The Crown in Shas’ slogan thus refers to different entities; it can be the Sephardi Halacha or the entire Torah, or the religious observance of the individual Jew. According to Shas, these entities have deteriorated in status or in the individuals’ conduct, and they must be restored. The restoration implies a return to something in the past that is understood by Shas as glorious, in comparison with the situation today. However, as shown above, Shas does not operate with a given historical past, which should be copied or enacted, as the Ashkenazi Haredim do. Rather, Shas looks back to different historical and the religious legal ideas of Yosef Caro to set the ideals and values for the future, which they reinterpret into their political, social, economic and modernised surroundings. I interpret this to indicate that Shas looks to the future, not to the past and therefore can be said to promote modernisation.
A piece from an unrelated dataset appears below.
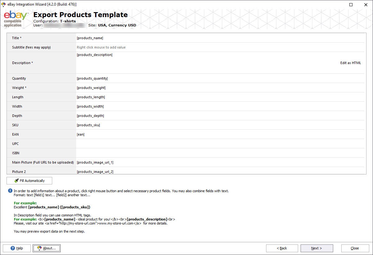This is the final step in the export wizard. Look through the product data that will be published to eBay. As you can see, there are several tabs there:
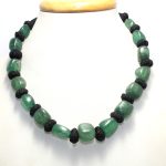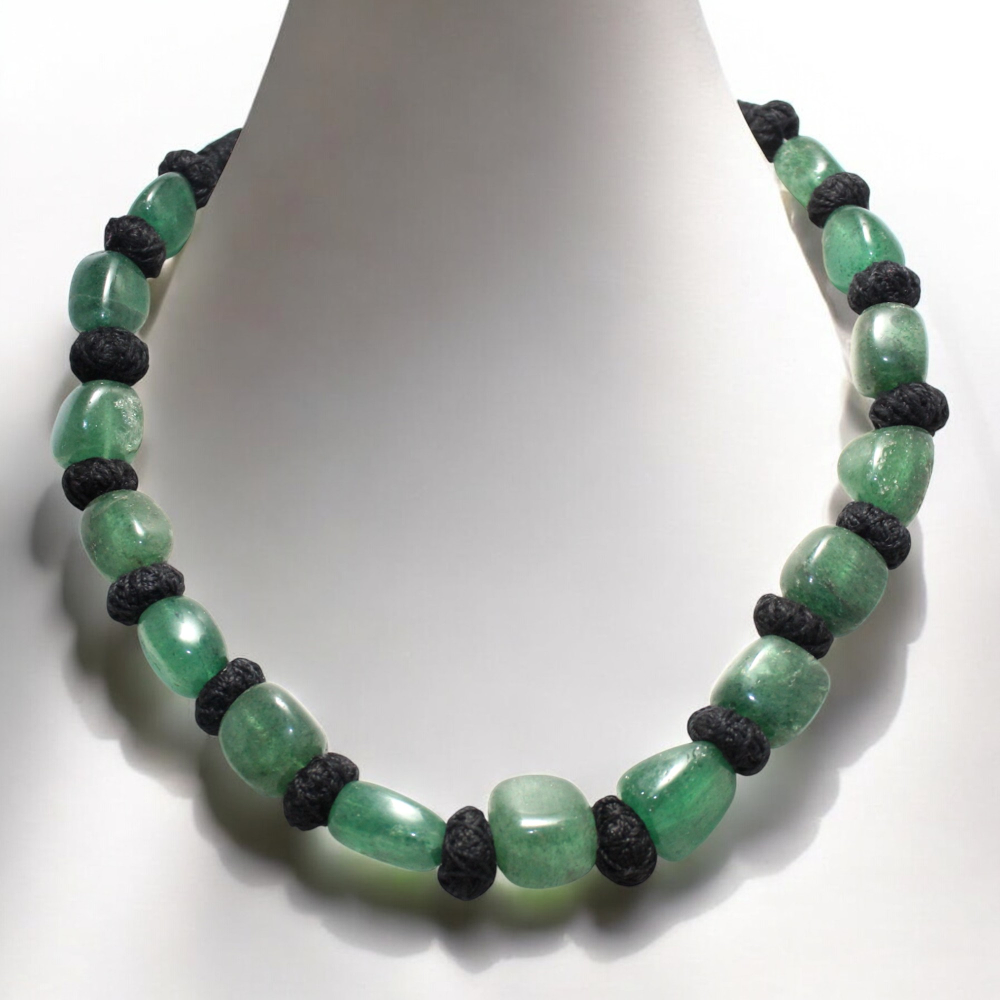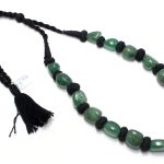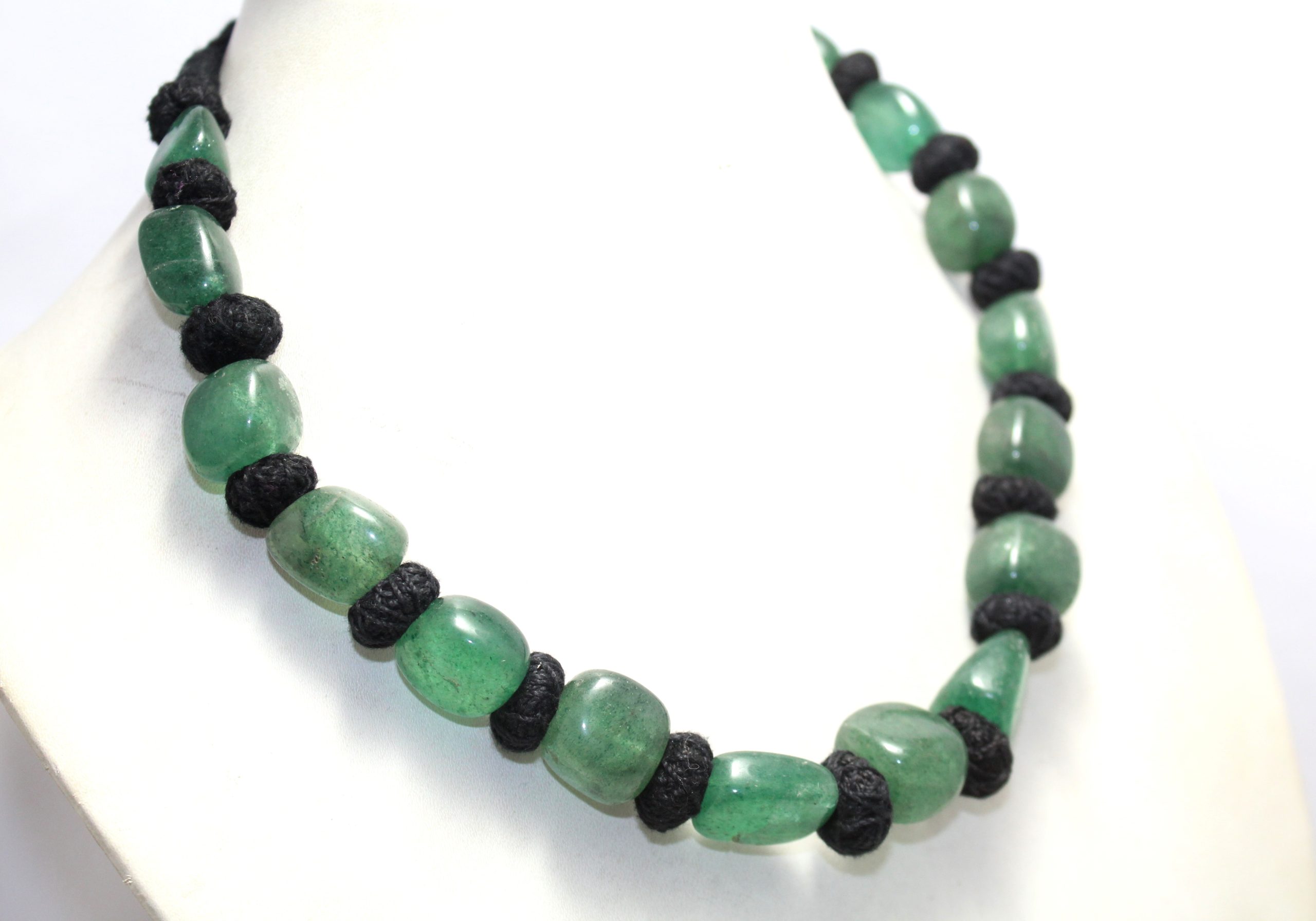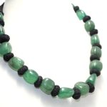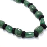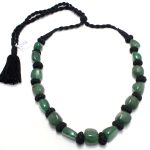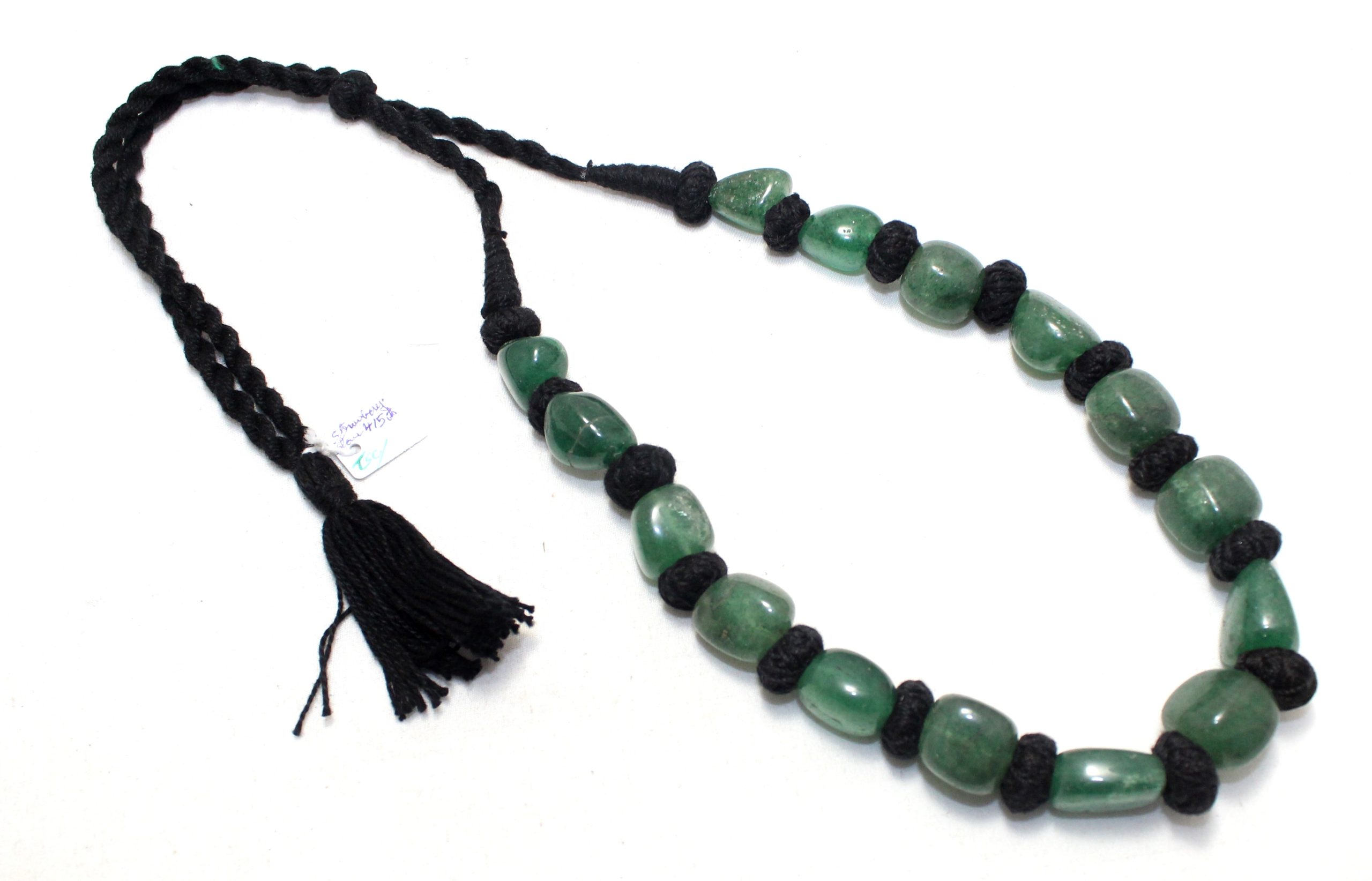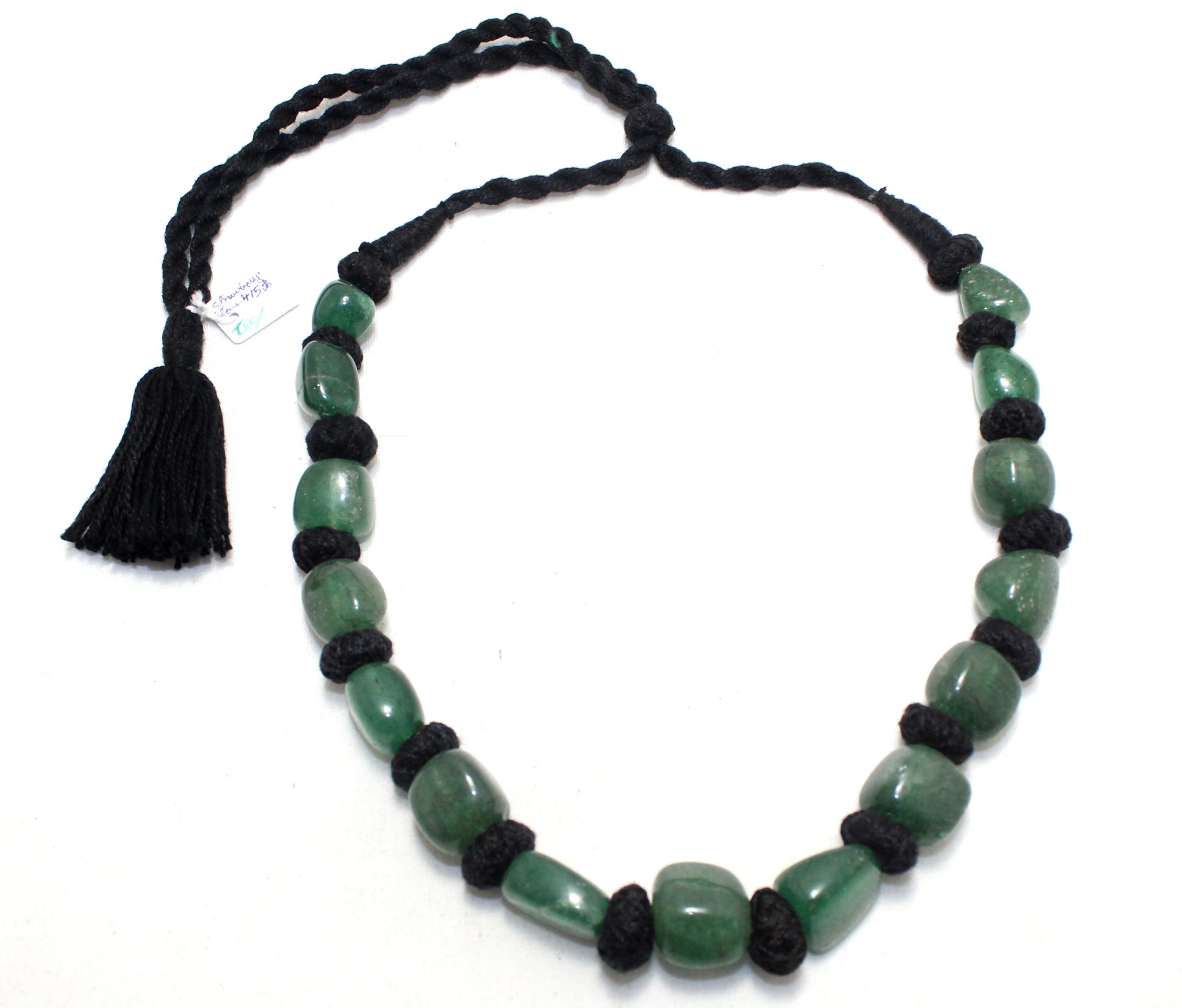 Rajasthan Gems Black Thread Bead Necklace Strand Beaded Natural Green Strawberry Quartz Gem Stone Gemstone Tumble Beads Tribal Adjustable H162

This difference from Ashkenazi Haredim is a result of the different surroundings in which the two Jewish identities have taken form.
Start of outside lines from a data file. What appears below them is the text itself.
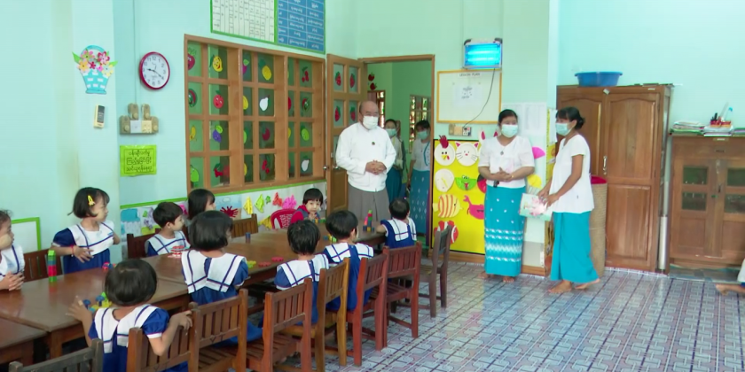 The Deputy Minister also inspected the children learning at the schools and the school environs. He also instructed to make precaution measures for insects and to provide nutritious foods. The Deputy Minister also urged to make constant training for turning out of the Pre-school teachers to spread the pre-school teaching method to the wards and villages.
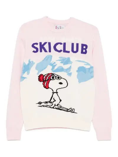 pink intarsia knit Snoopy motif round neck long sleeves ribbed trim
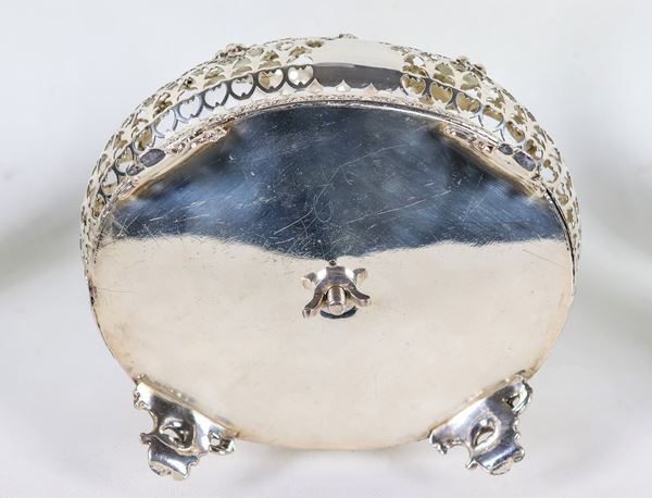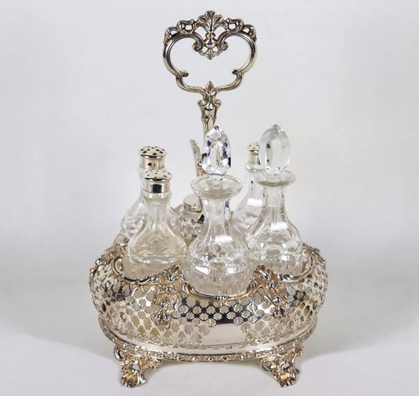 Cruet inglese Giorgio IV in Sheffield cesellato, sbalzato e traforato a motivi di volute e conchiglie, sorretta da quattro piedini ricurvi, [..]
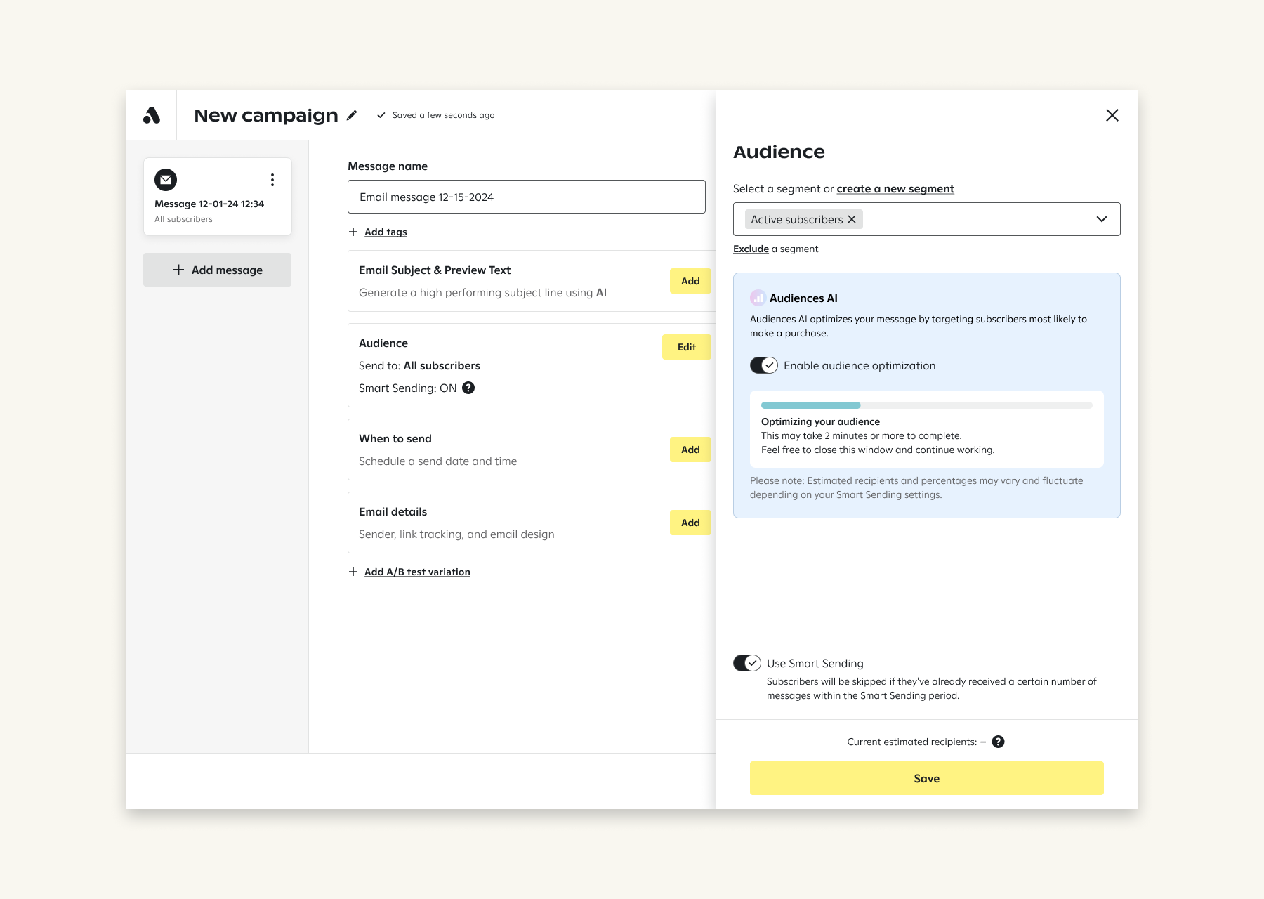 AI Pro for Email helps you reach your most profitable subscribers when they’re most likely to convert—using predictive models trained on your historical data. Marketers using AI Pro have driven up to 25% more email Campaign revenue by targeting high-value segments more precisely and sending at the perfect time.

By way of Shas, Ovadia Yosef wishes to undo the discrimination he and his contemporaries have experienced from the Ashkenazi Israeli traditional religious power institutions, both from the national religious institutions of Israel and the Haredi institutions. Shas’ relationship with the Haredi religious establishment is complex, especially in terms of the connotation of Haredi that classifies a certain level of religious
observance and piety, that Shas sometimes uses to define its religious level. Another issue is the historical fact that, albeit the discrimination Sephardim felt in the Ashkenazi Haredi institutions, they were welcome into these institutions after their immigration to Israel. Also Shas’ relationship with the national religious institutions is complex because of the dominance of Ashkenazi traditions in the unified Halacha for Israeli Jews. Ovadia Yosef and Shas fight for equal, or rather complete, emphasis on the Sephardi Halacha and traditions for Israeli Jews. At the same time Ovadia Yosef and Shas have an established relationship with the national religious institutions, compared to the Haredim. The consequences of this is that Shas can use its influence on two levels: the national religious level and in its own institutions. Thereby it reaches more people, and a greater variety of people, than the Ashkenazi Haredim, and moreover Shas is thus part of the decision- making of the national agenda. This partaking in the national centre is also pointed out by Chetrit (2000:26)109 as one of the major differences between Shas and Agudat Yisrael.
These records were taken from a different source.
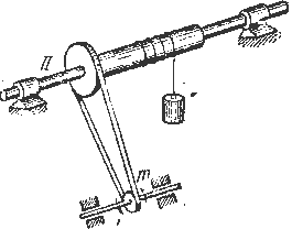 38.36. Ворот приводится в движение посредством ременной передачи, соединяющей шкив II, сидящий на валу ворота, со шкивом I, сидящим на валу мотора. К шкиву I массы М1 и радиуса r приложен постоянный вращающий момент m. Масса шкива II равна M2, радиус его R. Масса барабана ворота М3, радиус его r, масса поднимаемого груза M4. Ворот приводится в движение из состояния покоя. Найти скорость груза в момент, когда он поднимается на высоту h, Массами ремня, каната и трением в подшипниках пренебречь. Шкивы и барабан считать однородными круглыми цилиндрами.
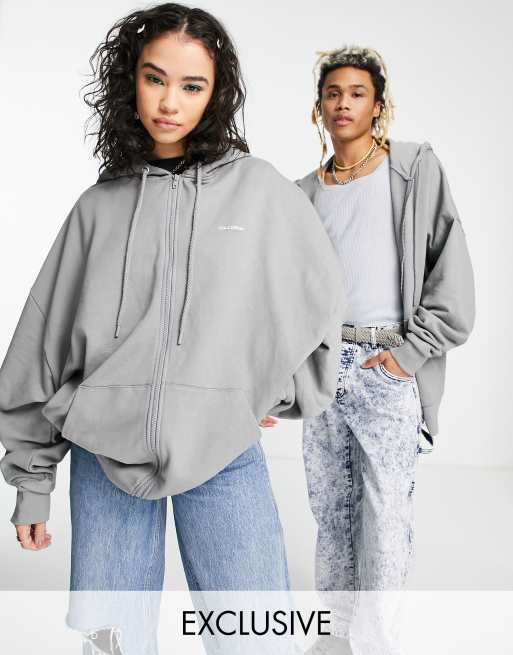 COLLUSION Unisex oversized heavyweight zip through hoodie with print in grey
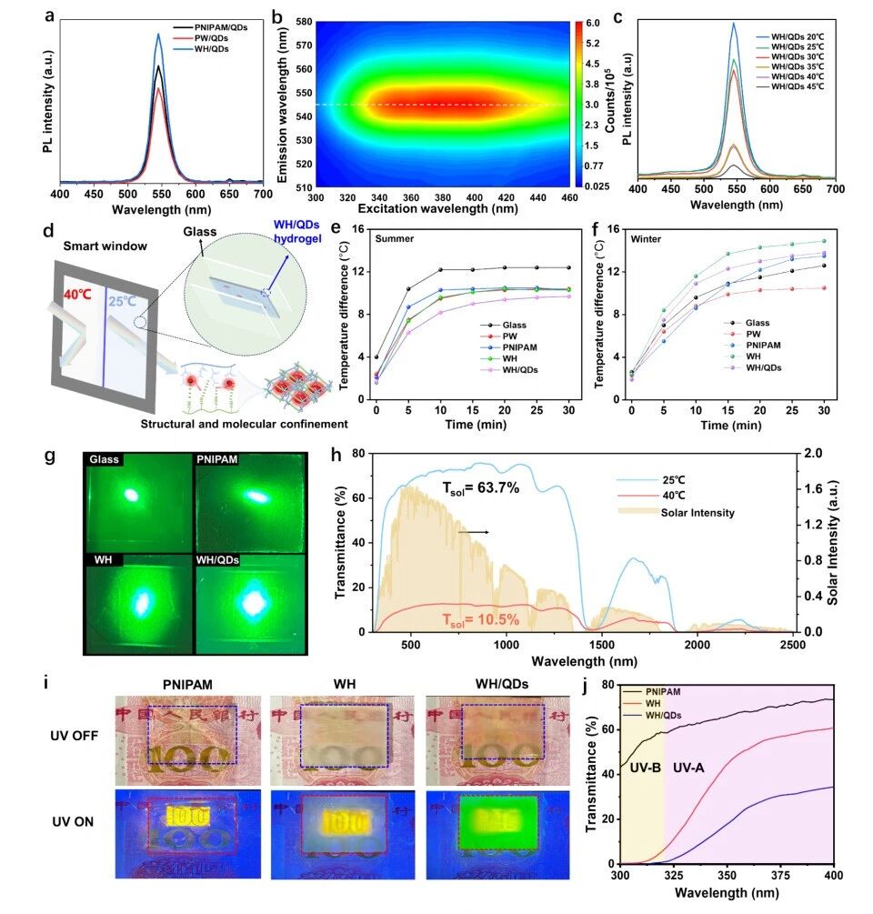 木质基水凝胶的光致发光特性与应用。(a) 含相同浓度量子点的WH、PW和 PNIPAM 水凝胶的光致发光强度对比。(b) WH/QDs体系发射波长与激发波长的二维等值线图。(c) WH/QDs在不同温度下的光致发光光谱。(d) WH/QDs水凝胶作为智能窗核心层的结构示意图。25℃和40℃下WH/QDs智能窗的紫外-可见透射率曲线。(e) 夏季使用不同夹层结构的智能窗温度差异对比(如图S28所示)。(f) 冬季使用不同夹层结构的智能窗温度差异对比。(g) 玻璃、纯 PNIPAM 水凝胶、WH及WH/QDs的光散射特性对比。(h) 25℃和40℃下WH/QDs水凝胶核心层智能窗在400-2500 nm波长范围内的太阳光强度与透射率实测值。(i) WH/QDs水凝胶紫外屏蔽性能的实验照片。(j) PNIPAM 、WH及WH/QDs水凝胶的紫外-可见光谱。

As discussed, the consequences of the room for different opinions and individual interpretation expressed by my informants in their diverse understandings of the centrality of the foci of Shas’ slogan, as to what is the most important focus, showed that Shas does not operate with one set agenda. As pointed out in this chapter, the individual opinion has to step down if it is in conflict with that of Ovadia Yosef or of other more prominent leader figures. I interpret the diverse foci, with the adjoined different references to the past and Shas officials’ freedom of opinion, to indicate Shas as a party-movement in the making that has not fixed a particular set of ideology and policy, but rather is developing this as it interacts in the Israeli society. This again is in contrast to the Ashkenazi Haredim who have had their set agenda since the establishment of their parties and organisation, namely to work against modernisation. Shas is creating modernising effects in this context because it is looking to the future that it is aiming to mould.